In a typically pugnacious speech after January's protests, he blamed Trump for the unrest, saying: "We consider the US president criminal for the casualties, damages and slander he inflicted on the Iranian nation." Yet despite his ideological rigidity, he has shown a willingness to bend when the survival of the republic is at stake.

The concept of "heroic flexibility", first mentioned by Khamenei in 2013, permits tactical compromises to advance his goals, mirroring Khomeini's choice in 1988 to embrace a ceasefire after eight years of war with Iraq.

Khamenei’s guarded ‌endorsement of Iran's 2015 nuclear deal with six world powers was another such moment, as he calculated that sanctions relief was necessary to stabilize the economy and buttress his grip on power.

Trump quit the 2015 pact during his first ⁠term in 2018 and reimposed crippling sanctions on ⁠Iran. Tehran reacted by gradually violating all agreed curbs on its nuclear program.

LOYAL SECURITY STRUCTURE KEY TO KHAMENEI'S POWER

At times of increasing pressure, Khamenei has repeatedly turned to the Iranian Revolutionary Guard Corps (IRGC) and the Basij, a paramilitary force numbering hundreds of thousands of volunteers, to snuff out dissent.

It was they who crushed the protests that exploded after Mahmoud Ahmadinejad's re-election as president in 2009 amid allegations of vote fraud.

In 2022, Khamenei was just as ruthless in arresting, imprisoning or executing protesters enraged by the death in custody of the young Iranian-Kurdish woman Mahsa Amini.

And it was again the Guards and Basij who crushed the latest round of protests in January.

His power also owes much to the parastatal financial empire known as Setad, which is under Khamenei's direct control. Worth tens of billions of dollars, it has grown hugely during his rule, investing billions in the Revolutionary Guards.

Scholars outside Iran paint a picture of a secretive ideologue fearful of betrayal - an anxiety fueled by an assassination attempt in June 1981 with a bomb hidden in a tape recorder that paralyzed his right arm.
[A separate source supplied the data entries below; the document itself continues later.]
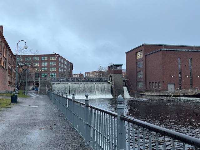 เดินไปเรื่อย ๆ หนูถิ่นก็มาถึง Tammerkoski คลองน้ำและเขื่อนที่เป็นหัวใจของเมืองตัมเปเร่ น้ำไหลผ่านเขื่อนตลอดเวลา เป็นแหล่งพลังงานสำคัญที่เคยใช้ขับเคลื่อนโรงงานในอดีต จนทำให้ตัมเปเร่ ได้ชื่อว่าเป็น “เมืองอุตสาหกรรมแห่งฟินแลนด์”
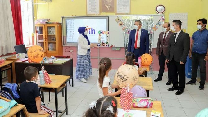 Köşk'te ilk ders zilinin çalmasıyla öğrenciler uzun bir aradan sonra yüz yüze eğitime başlarken, Köşk Belediye Başkanı Nuri Güler de Çiftlik İlkokulu'nu ziyaret ederek minik öğrencilerin heyecanına ortak oldu.
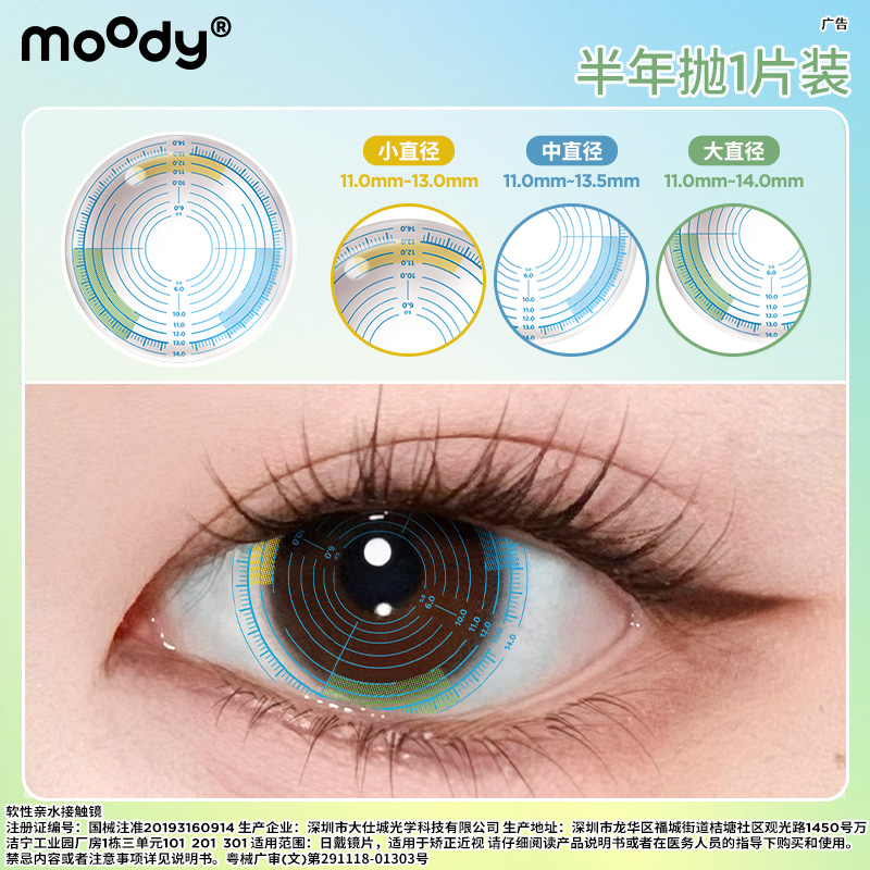 MOODYBLUE隐形眼镜半年抛1片舒适水润透氧水凝胶镜片

Khamenei himself suffered severe torture, according to his official biography, in 1963, when at 24 he served the first of many terms in prison for political activities under the rule of the shah.

After the revolution, as deputy defense minister, Khamenei became close to the Guards during the 1980-88 war with Iraq, which claimed a million lives from both sides.

He won the presidency with Khomeini's support but was a surprise choice as successor when the supreme leader died, lacking both his popular appeal and his superior clerical credentials.

Karim Sadjadpour at the Carnegie Endowment for International Peace said that "accident of history" had transformed a "weak president to an initially weak supreme leader to one of the five most powerful Iranians of the last 100 years".